University Home
Manchester Centre for Integrative Systems Biology

Workflows


The analyses of the omics data generated by the study described in (Castrillo et al., 2007) below have been implemented as workflows. These workflows may be viewed and run by using the Taverna workflow software


boxplotWithstats_pdf1.xml | New 15/03/07

The workflow below uses R to plot a box plot and summarise select microarray data from the big experiment retrieved from Maxd. These results are combined into a PDF document which is created by a beanshell script using the iText free java PDF library. N.B. For this workflow to run successfully, the iText jar has to be downloaded and placed in the /lib folder in your local .taverna directory. This is usually $HOME/.taverna/lib (Linux) or c:/Documents and Settings/MyUser/Application Data/Taverna/lib in Windows. In addition, the workflow will only run with the latest update of Taverna, 1.5.1.6.

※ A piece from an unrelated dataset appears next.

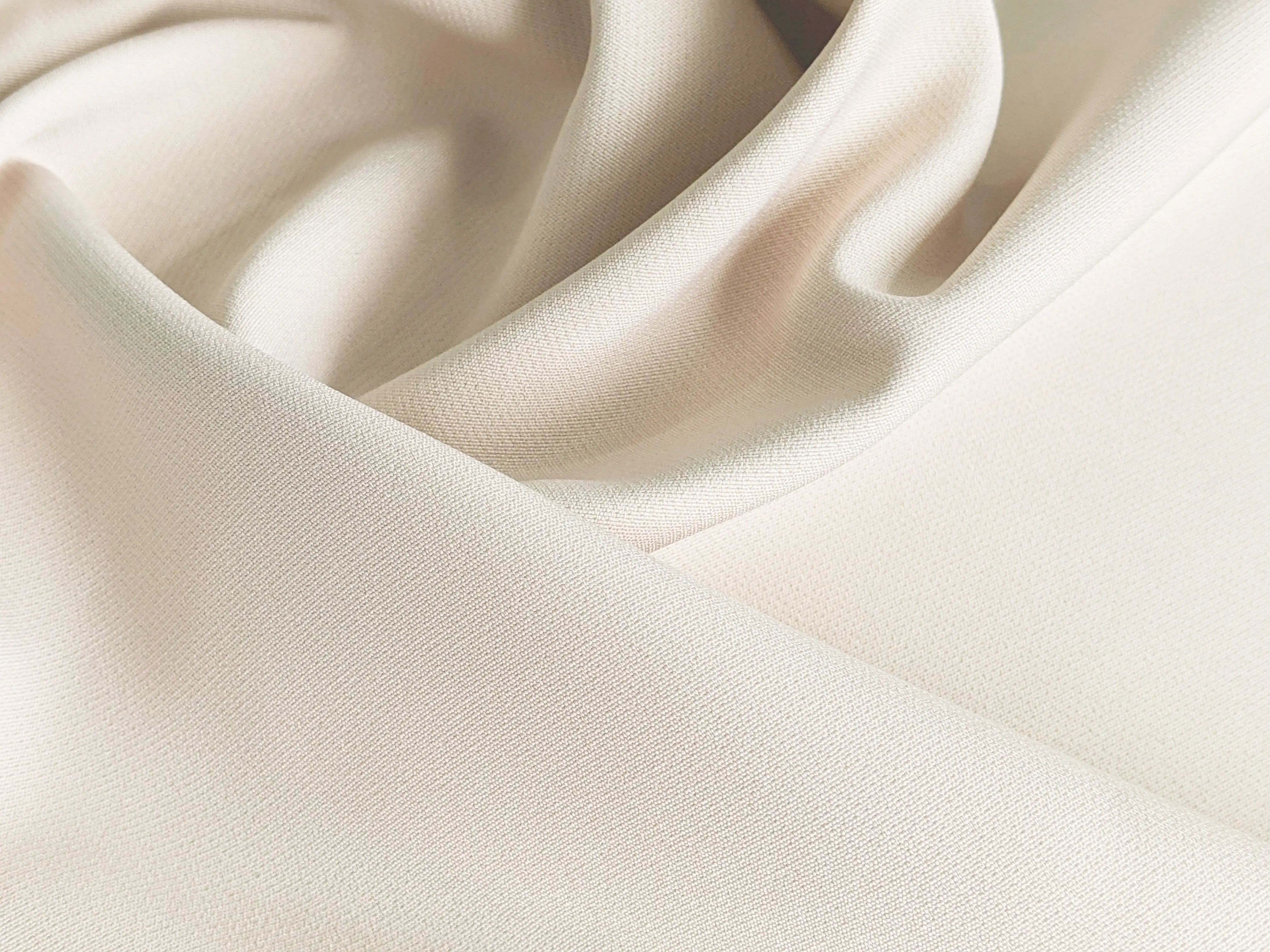 Креп-костюмка Біанка має ледь помітну рубчікову структуру по лицьовій стороні. Тканина середньої щільності, трохи еластична, не просвічується, добре лягає в складки і тримає форму, практично не мнеться. Застосовується для пошиття комбінезонів, костюмів, суконь, брюк, спідниць та шкільної форми.

The results of this workflow is a PDF document which can be displayed using the PDF renderer plugin. The plugin can be installed as follows:

  • Click on Tools > Plugin Manager.
  • Click on Find New Plugins and add a New Plugin Site using "MCISB" as site name and "http://dbk-ed.mib.man.ac.uk/taverna/1.5/plugins/" as the site URL
  • Install the PDF renderer plugin.

Once the plugin has been installed the workflow can be enacted which will hopefully produce results similar to that shown below. The box plots show the spread of gene expression values from chip measurements. The text below the box plots show some miscellaneous stats about the data.

The PDF document can be viewed using the PDF renderer. It may also be saved onto your file system if required.

Addendum: Running this workflow requires a username and password for running the R processor and accessing the data in the Maxd database.


calcGeneExpFreq.xml | New 15/03/07

R can be used to analyse data from Taverna workflows using a Rserve server which has been wrapped for use as a Taverna processor by Ingo Wassink. The workflow below shows how data retrieved from the MaxD database can be analysed in a simple R script which calculates the frequencies of gene expression values from a given experiment.

The results of this workflow is shown below in the form of a histogram of the gene expression value frequencies calculated by the R script.

Whilst this is a simple analysis, it shows what can be achieved once distributed microarray data is in a form which is accessible by Taverna with R.

Addendum: Running this workflow requires a username and password for running the R processor and accessing the data in the Maxd database.

queryMaxD.xml | New 26/02/07

There are a number of projects developing distributed systems for analysing microarray data, e.g. GEMEPS and the Extensible MicroArray Analysis System. Such systems require a repository for storing the data and metadata generated from microarray experiments. Here in Manchester, Andy Brass's group has developed the MaxD database, a MIAME compliant database for storing gene expression data generated from microarray experiments.

Work done by Giles in the DBK group has provided MaxD with a web services interface into the maxdBrowse client for MaxD which is accessible by Taverna. Its still easier to browse the data and metadata for an experiment in MaxD from a browser but once you know the experiment and associated measurements you are interested in then you can retrieve the gene expression values from taverna for further analysis.

The above workflow retrieves the gene expresion values for a given measurement identifier from an experiment stored in MaxD and transforms the data into a comma separated value String.

Its often useful to transform the data into a CSV String as it can then be further analysed using applications which can consume data for mathematical analysis such as R and Matlab.

Addendum: Running this workflow requires a username and password for accessing the data in the Maxd database.